Required work → Using the listing below, set down each line from the line containing "RARE MB Charles" through the line containing "- 요양원, 재활센터, 실버타운 등 다양한 취업처", both ends included, exactly and with nothing added.

Records shown →
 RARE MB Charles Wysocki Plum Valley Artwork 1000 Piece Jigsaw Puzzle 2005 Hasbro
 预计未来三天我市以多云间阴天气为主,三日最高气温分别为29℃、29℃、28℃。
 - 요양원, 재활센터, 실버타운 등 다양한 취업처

--

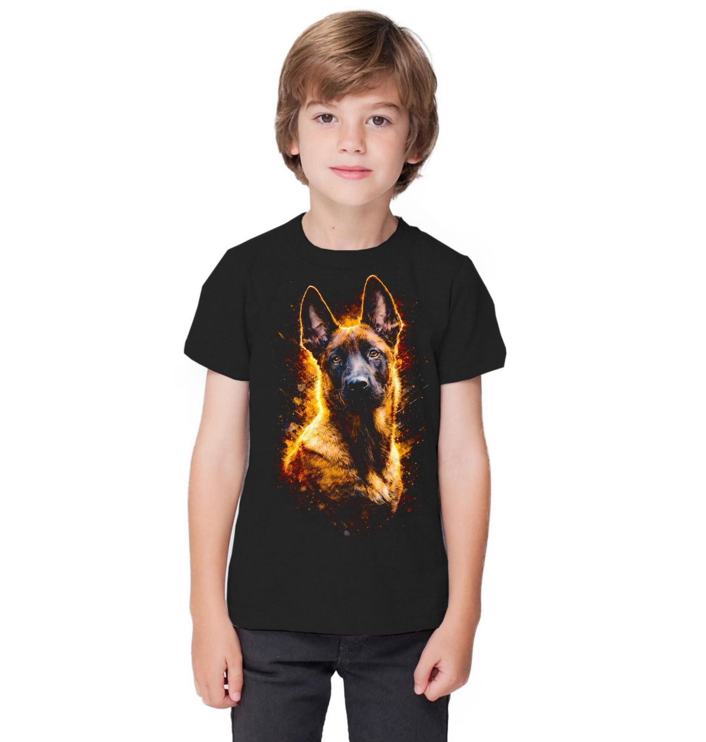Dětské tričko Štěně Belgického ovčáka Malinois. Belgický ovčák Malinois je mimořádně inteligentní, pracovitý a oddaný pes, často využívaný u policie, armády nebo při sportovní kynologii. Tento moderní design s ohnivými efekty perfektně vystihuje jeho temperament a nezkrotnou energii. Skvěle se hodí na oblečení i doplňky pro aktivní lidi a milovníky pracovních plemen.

Written solution →
 RARE MB Charles Wysocki Plum Valley Artwork 1000 Piece Jigsaw Puzzle 2005 Hasbro
 预计未来三天我市以多云间阴天气为主,三日最高气温分别为29℃、29℃、28℃。
 - 요양원, 재활센터, 실버타운 등 다양한 취업처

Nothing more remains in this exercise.